The readconnroute module should perhaps be renamed, it is a general purpose routing module that is used for all forms of connection routing, not just for read only connections. It will distribute connections amongst a set of servers using the constraints passed in the routing options. The following routing options are available;
  • master - only route to a server which has the master status bit set
  • slave - only route to a server that has the slave status bit set
  • synced - only route to a server that has the synced status bit set
If no routing options are given then the router will distribute the connections over all the servers that are currently running. Servers that are down or in maintenance mode will not have connections routed to them.

In a hierarchical MySQL replication tree the master node is treated as the node nearest the root of the tree that has the master bit set. Any intermediate nodes, which have both the master and slave bits set, will be treated as a slave node.

The synced option is reserved for use with Galera clusters and ensures that connections are not routed to servers that a not a fully fledged member of the cluster. In addition the Master/Slave states may be used in Galera along with the special monitor module that elects one of the Galera nodes as a master.

The distribution of connections within a set of servers may not be even, but will honour any weighting bias that is introduced via the weightby setting of the service and the individual server weights.

Read/Write Splitter

The Read/Write Splitter is a much more sophisticated routing module, it examines the incoming request and determines if that request should be sent to a read/write server or if it may be sent to a read only server; i.e. a master or a slave in MySQL replication environment. The Read/Write Splitter is not however limited to MySQL Replication, it may also be used with Galera Clusters.

When used with Galera the monitor module will elect one of the nodes in the Galera cluster as the master to which all writes will be routed. The read load may then be spread across all of the other nodes within the Galera Cluster. This provides a means to use Galera in a pure HA mode, with read load balancing, rather than a true multi-master configuration.

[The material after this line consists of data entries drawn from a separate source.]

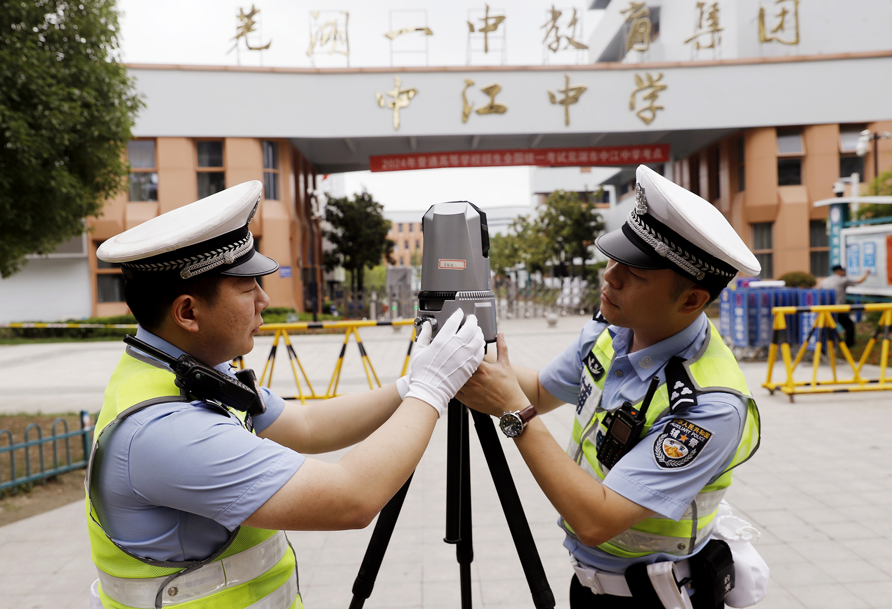 6月6日,安徽省蕪湖市公安局交警支隊鳩江大隊民警在中江中學(xué)考點門前路段擺放調(diào)試布控球臨時監(jiān)控設(shè)備。
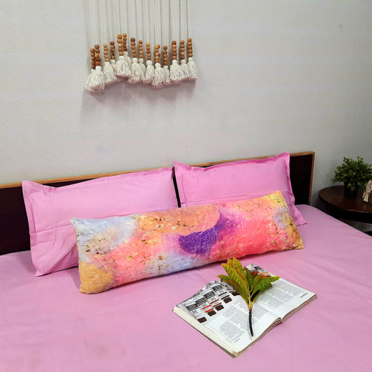 Avioni Soft Fluffy Plush Faux Fur CozyChic Cuddle Pillow| Beautiful Pink Design | 40 x 13 inches (100 x 33 cms)
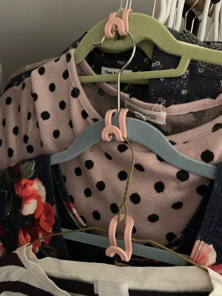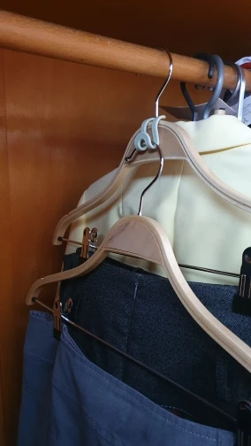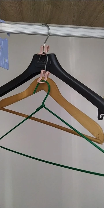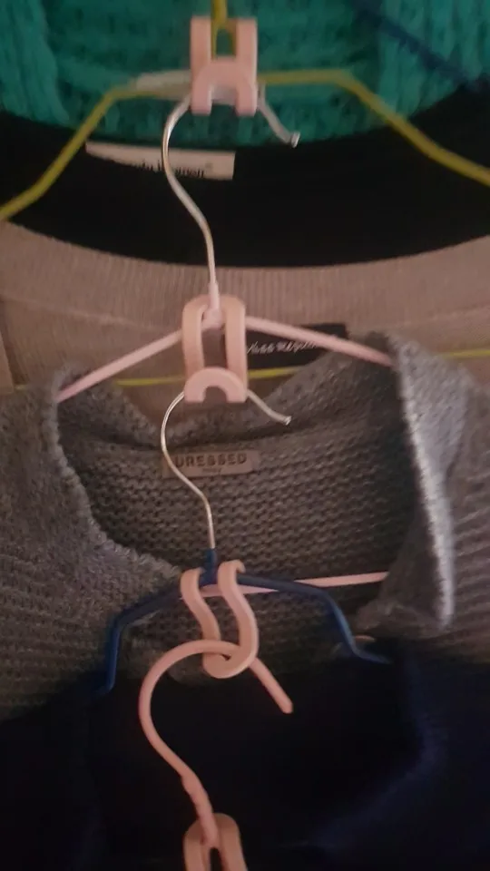Крючки хорошие, сделаны качественно, крепкие. Необходимо учитывать, что использовать их можно только с вешалками у которых тонкий крючок, это в основном вешалки с железным крючком. Не скажу что сильно экономится место в шкафу, поскольку все равно в ширину одежда занимает примерно столько же места, просто весит ниже. Интересная вещь, но я не оценила, поскольку эффекта экономии пространства для меня не хватило.

The Read/Write Splitter is able to balance the load on the slave servers using several different criteria, these as chosen by the use of a router option setting in the MaxScale service. The options available are;

  • least number of connections from all MaxScale services
  • least number of connection from this MaxScale service
  • least number of current operations currently in progress
  • least lagging behind the master
The server weighting mechanism may also be applied to the first three of these methods in order to define a non-uniform distribution within the chosen balancing criteria is required.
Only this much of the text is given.